> [TASK STATEMENT]: Exactly the lines from the start of the entries through the line with "学校公開期間と同時に、今日か" are required in the output, with no pictures among them.

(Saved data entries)
'''

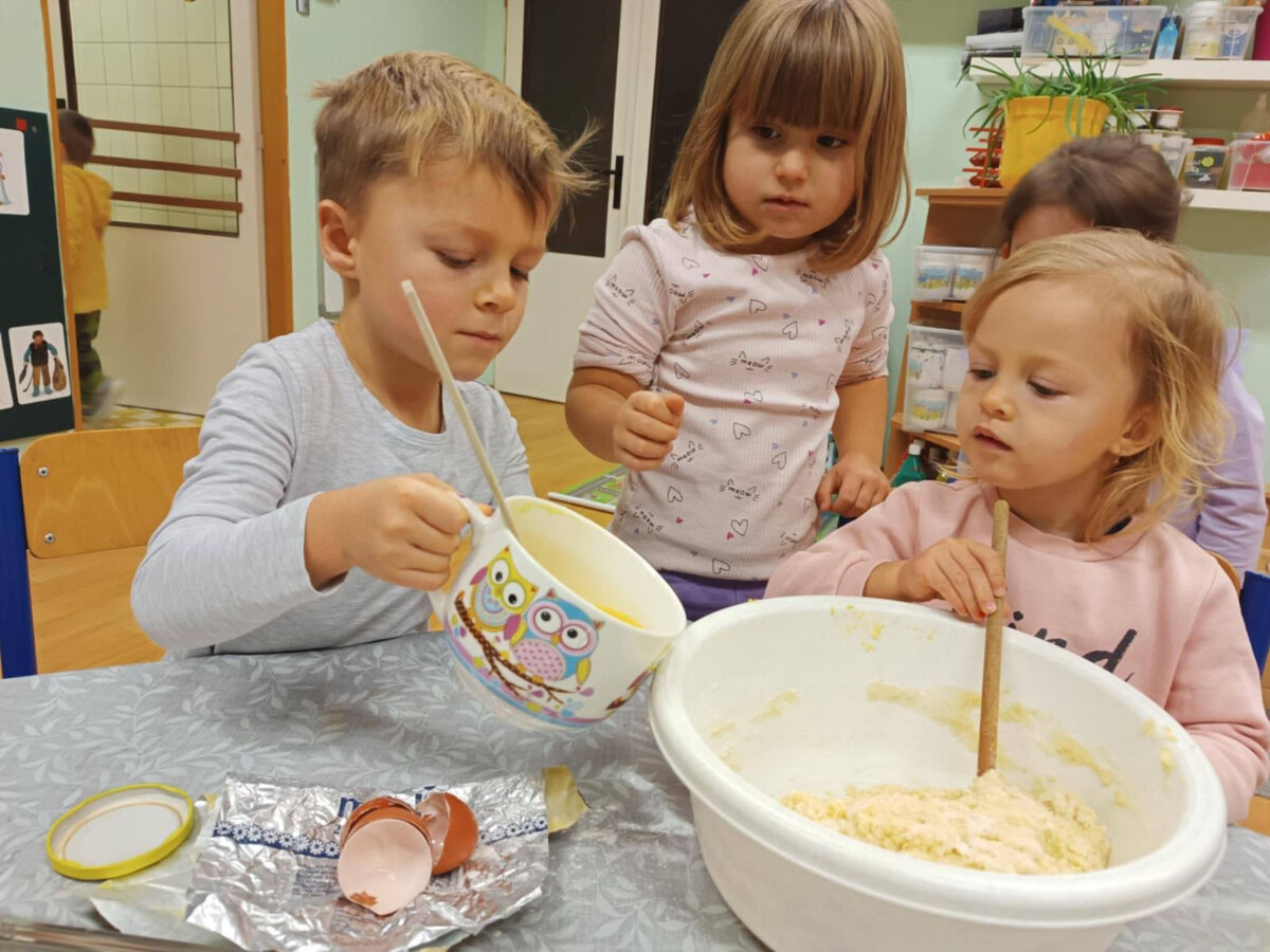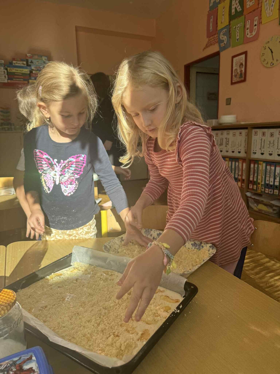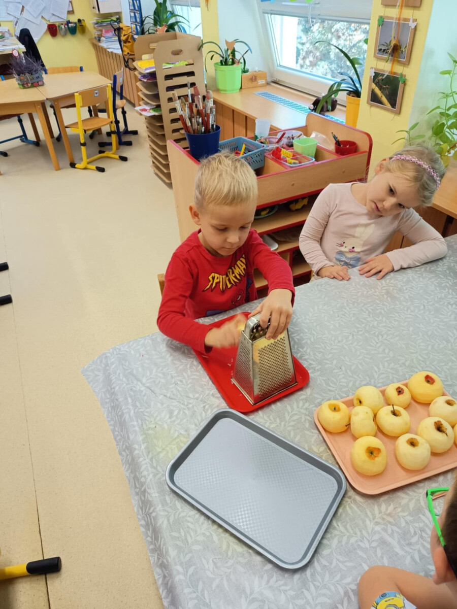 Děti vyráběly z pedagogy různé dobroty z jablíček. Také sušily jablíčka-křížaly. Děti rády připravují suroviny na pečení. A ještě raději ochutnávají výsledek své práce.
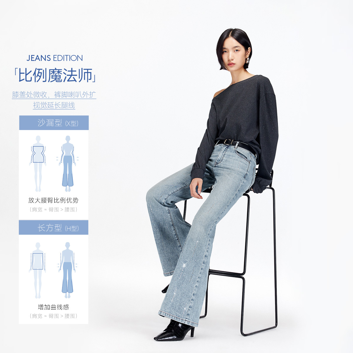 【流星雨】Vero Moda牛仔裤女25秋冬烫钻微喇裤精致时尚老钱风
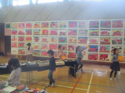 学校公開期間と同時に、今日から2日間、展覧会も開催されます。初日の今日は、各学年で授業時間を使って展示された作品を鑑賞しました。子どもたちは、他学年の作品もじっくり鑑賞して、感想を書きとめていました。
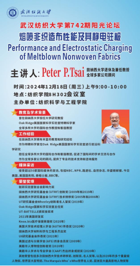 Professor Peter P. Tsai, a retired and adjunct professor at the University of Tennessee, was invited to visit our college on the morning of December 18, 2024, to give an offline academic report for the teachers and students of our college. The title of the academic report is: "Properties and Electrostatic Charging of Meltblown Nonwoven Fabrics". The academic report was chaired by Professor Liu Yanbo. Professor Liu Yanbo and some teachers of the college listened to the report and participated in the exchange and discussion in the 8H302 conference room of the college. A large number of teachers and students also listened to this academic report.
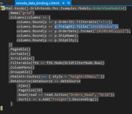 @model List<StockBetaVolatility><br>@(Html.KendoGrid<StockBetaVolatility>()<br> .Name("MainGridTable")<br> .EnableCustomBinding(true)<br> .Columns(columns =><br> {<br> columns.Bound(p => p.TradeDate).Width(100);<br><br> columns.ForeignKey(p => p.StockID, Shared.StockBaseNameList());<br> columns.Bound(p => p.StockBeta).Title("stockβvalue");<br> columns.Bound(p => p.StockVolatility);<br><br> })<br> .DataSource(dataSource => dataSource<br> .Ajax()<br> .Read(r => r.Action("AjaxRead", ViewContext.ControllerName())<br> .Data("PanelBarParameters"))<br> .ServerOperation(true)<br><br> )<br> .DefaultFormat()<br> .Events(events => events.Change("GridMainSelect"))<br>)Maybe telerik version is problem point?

'''

> [SOLUTION TO THIS EXERCISE]:
 Děti vyráběly z pedagogy různé dobroty z jablíček. Také sušily jablíčka-křížaly. Děti rády připravují suroviny na pečení. A ještě raději ochutnávají výsledek své práce.
 【流星雨】Vero Moda牛仔裤女25秋冬烫钻微喇裤精致时尚老钱风
 学校公開期間と同時に、今日から2日間、展覧会も開催されます。初日の今日は、各学年で授業時間を使って展示された作品を鑑賞しました。子どもたちは、他学年の作品もじっくり鑑賞して、感想を書きとめていました。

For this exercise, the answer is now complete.